Similarly, the government was also right to increase financial aid to Jordan.
Part of the catastrophic failure of Europe in this crisis was a chronic underfunding of nations which have sheltered huge numbers of fleeing Syrians, especially Lebanon, Jordan and Iraq.
This contributed directly to the surge in people fleeing to Europe, though many of those did not come directly from the camps in bordering nations.
US Secretary of State John Kerry has declared that Libya is on the brink of producing a government of national unity but that this is threatened by the infiltration of Islamic State and fighters loyal to it into Libya.
He has called for a vigorous Western response, including a hard-edged military component.
Foreign Minister Julie Bishop has reiterated that “absolutely no more troops from Australia” will be involved and has instead called on Middle East countries to take a greater role in answering the challenge of Islamist extremism.
Malcolm Turnbull and Bishop are right in their strategic judgments. Libya has been a catastrophe since the fall of dictator Muammar Gaddafi in 2011.

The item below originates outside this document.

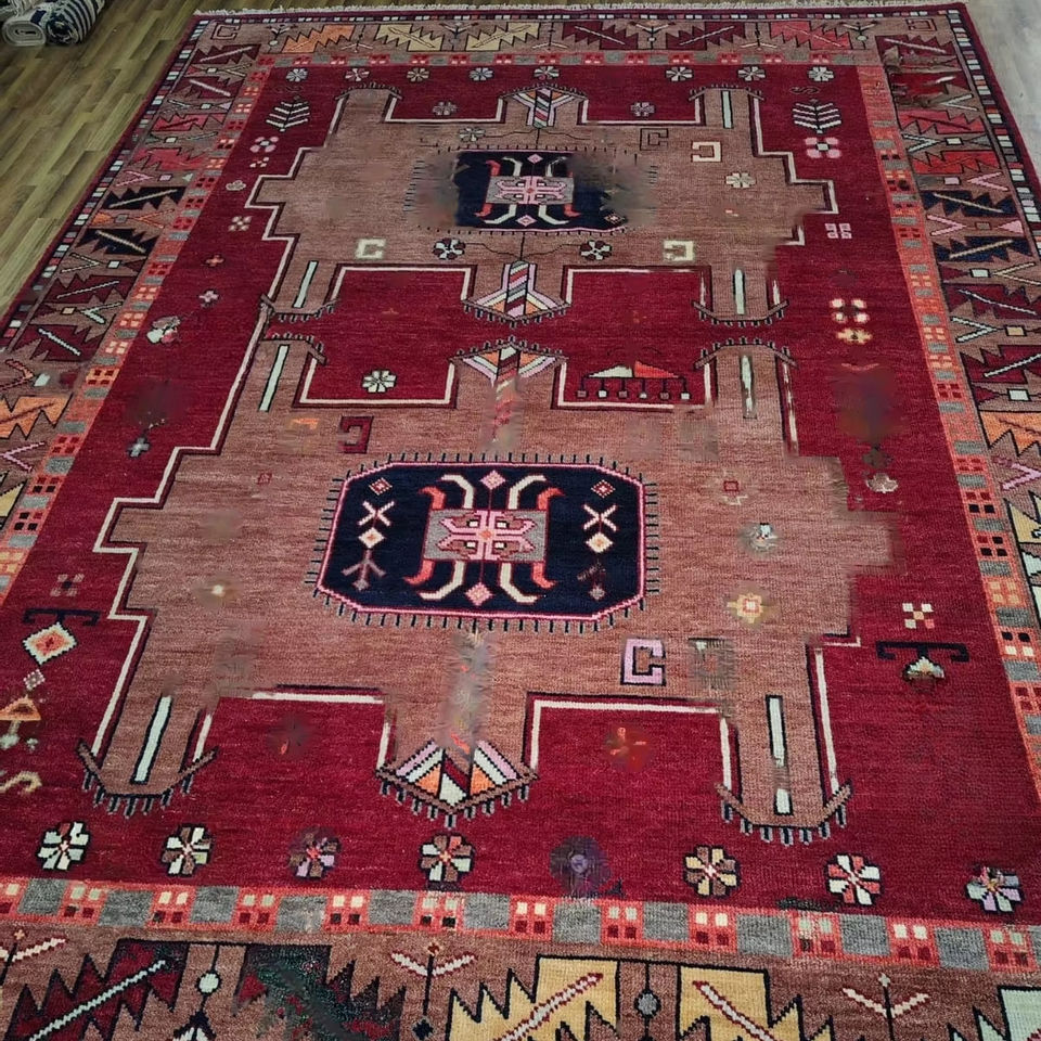 พรมคอตตอนถักด้วยมือแบบโบราณชุดพรมสวดมนต์สีแดง9X13สำหรับบ้านพรมทอพื้นที่สำหรับห้องนั่งเล่น

Welcome as his departure was, the result has been chaos, civil war, nearly a failed state and the spread of Islamist extremism.
A great deal of the weapons of Gaddafi’s former army have found their way into the hands of Islamic State, al-Qa’ida and other extremist groups across North Africa and the Middle East.

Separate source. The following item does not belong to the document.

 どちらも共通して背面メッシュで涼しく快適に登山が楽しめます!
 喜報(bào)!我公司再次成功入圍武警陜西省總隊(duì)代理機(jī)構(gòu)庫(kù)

At first the Libyan experiment in liberalisation looked promising. But, as with most revolutions, a bewildering series of allegedly governing bodies led to national splintering.
There is an ever-shifting series of alliances between tribal and sometimes Islamist militias, which are violent and lawless.
The emergence of groups loyal to Islamic State, as well as other Islamist groups, has caught Washington’s attention, because there is the real prospect of Islamic State setting up another branch of the caliphate and winning control of potentially billions of dollars worth of oil revenue.
Two reflections suggest themselves. First, the Western bombing campaign of 2011, strongly supported by the Australian government at the time, was a mistake — no matter how well-intentioned. It was intended to stop Gaddafi from slaughtering civilians in Beghazi but was expanded into a general campaign to bring about regime change.
The regime collapsed but nothing effective took its place.
There is nonetheless every reason for the US to involve itself in Libyan affairs to ensure Islamic State does not establish a new territorial base. But prudence dictates strict limits to the nature of US involvement.
It can provide money and advice to the relative moderates it can find, and in limited circumstances military air support in defence of regime survival.
But there is no credible role for US ground troops, and even less of a role for Australian forces.